I'm running a Spark streaming that uses a direct connection to Kafka on HDP 2.3.4
Unlike other jobs, for this one the driver log is filled with constant warnings like this:
6/02/15 16:02:22 WARN history.YarnHistoryService: Discarding event
I haven't see that class (org.apache.spark.deploy.history.yarn.YarnHistoryService in the standard Spark source code, so I wonder if it's an HDP thing.
I'm going to suppress those warnings to avoid filling up logs but I would appreciate any hints at what can be wrong or how to prevent it.
So this is the Timeline Server used by Spark for logging the application progress. Do you have Timeline server disabled?
From the code:
- If the timeline service is disabled, that is `yarn.timeline-service.enabled` is not +`true`, then the history will not be published: the application will still run.

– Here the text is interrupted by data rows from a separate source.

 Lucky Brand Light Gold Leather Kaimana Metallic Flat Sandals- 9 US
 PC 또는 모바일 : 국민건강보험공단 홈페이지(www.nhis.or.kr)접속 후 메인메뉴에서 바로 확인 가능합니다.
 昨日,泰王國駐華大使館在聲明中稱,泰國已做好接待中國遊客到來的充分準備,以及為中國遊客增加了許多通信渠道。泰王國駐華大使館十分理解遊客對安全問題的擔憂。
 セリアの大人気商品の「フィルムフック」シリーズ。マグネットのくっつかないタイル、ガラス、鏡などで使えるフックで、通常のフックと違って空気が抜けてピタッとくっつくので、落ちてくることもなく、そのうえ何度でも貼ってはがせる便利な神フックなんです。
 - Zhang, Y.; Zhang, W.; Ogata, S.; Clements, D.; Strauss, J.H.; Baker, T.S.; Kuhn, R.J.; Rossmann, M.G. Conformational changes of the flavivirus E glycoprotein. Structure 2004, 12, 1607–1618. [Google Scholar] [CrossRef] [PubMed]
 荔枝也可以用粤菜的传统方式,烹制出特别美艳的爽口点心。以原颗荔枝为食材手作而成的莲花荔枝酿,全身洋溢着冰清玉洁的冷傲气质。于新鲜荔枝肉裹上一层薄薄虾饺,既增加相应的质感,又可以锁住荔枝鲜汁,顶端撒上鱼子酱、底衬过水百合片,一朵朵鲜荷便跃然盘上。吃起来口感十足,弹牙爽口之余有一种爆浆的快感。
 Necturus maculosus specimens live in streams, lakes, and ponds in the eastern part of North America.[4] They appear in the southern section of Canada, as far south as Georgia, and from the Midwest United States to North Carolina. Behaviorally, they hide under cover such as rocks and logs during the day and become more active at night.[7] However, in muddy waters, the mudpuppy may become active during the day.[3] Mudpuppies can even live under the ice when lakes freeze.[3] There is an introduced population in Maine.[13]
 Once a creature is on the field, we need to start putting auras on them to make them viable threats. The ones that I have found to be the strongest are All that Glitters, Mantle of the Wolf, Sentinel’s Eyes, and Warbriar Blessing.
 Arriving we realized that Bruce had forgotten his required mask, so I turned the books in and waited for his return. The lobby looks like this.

- Similarly, in a cluster where the timeline service is disabled, the history server +will simply show an empty history, while warning that the history service is disabled.

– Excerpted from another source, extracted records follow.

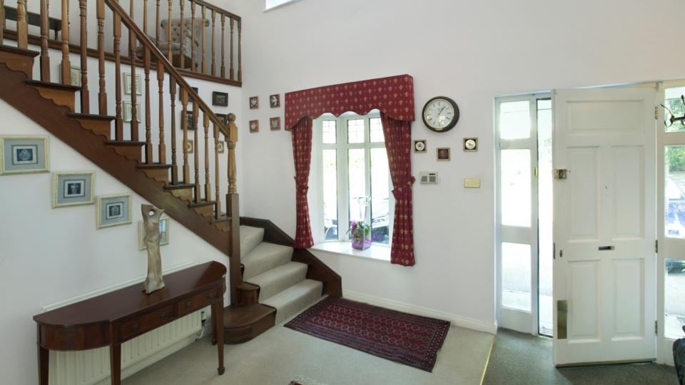 The house was built for entertaining. It has a dramatic double-height entrance hall with a galleried landing and double doors opening into the formal sittingroom.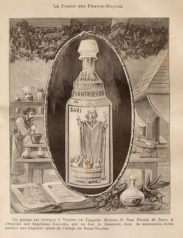 Aqua Tofana was marketed as a beauty product, a facial cream or oil to heal the skin. It came in a small glass bottle or a powder with a label featuring an image of Saint Nicholas, and even called “Manna of St Nicholas of Bari”, the name of a popular cosmetic oil at the time.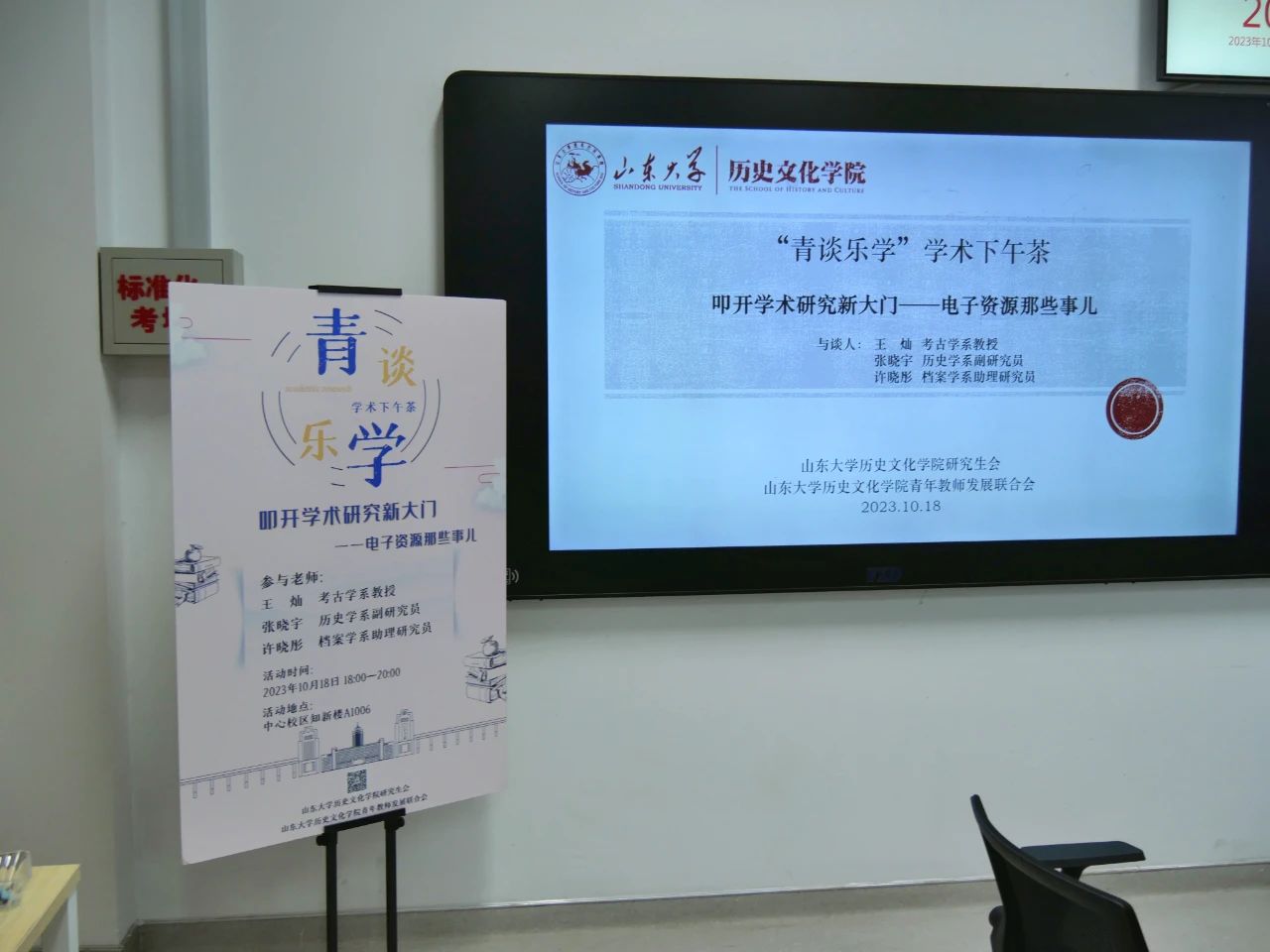 10月18日下午,由历史文化学院研究生会、历史文化学院青年教师发展联合会联合举办的“青谈乐学”学术下午茶活动在信息楼B117举行,活动主题为“电子资源的利用”。本次活动邀请到历史文化学院考古学系教授王灿、历史学系副研究员张晓宇、档案学系助理研究员许晓彤分享科研经验与方法心得,来自不同学院不同年级的60余名本科生、硕博研究生参加了活动。

- In a secure cluster, the user must have the Kerberos credentials to interact +with the timeline server. Being logged in via `kinit` or a keytab should suffice.
If you don't want to use or fix timeline server you might be able to disable logging to it by changing this:
spark.yarn.services ( however ambari doesn't like me to completely remove it so there might be a need to remove it using the config settings, the code also says you can just misspell it )
Thanks for your indications.
The timeline service is enabled (I have almost all setttings by default) and working fine for other regular Spark jobs (haven't tried running other streaming jobs in this cluster).
I don't have the cluster kerberized.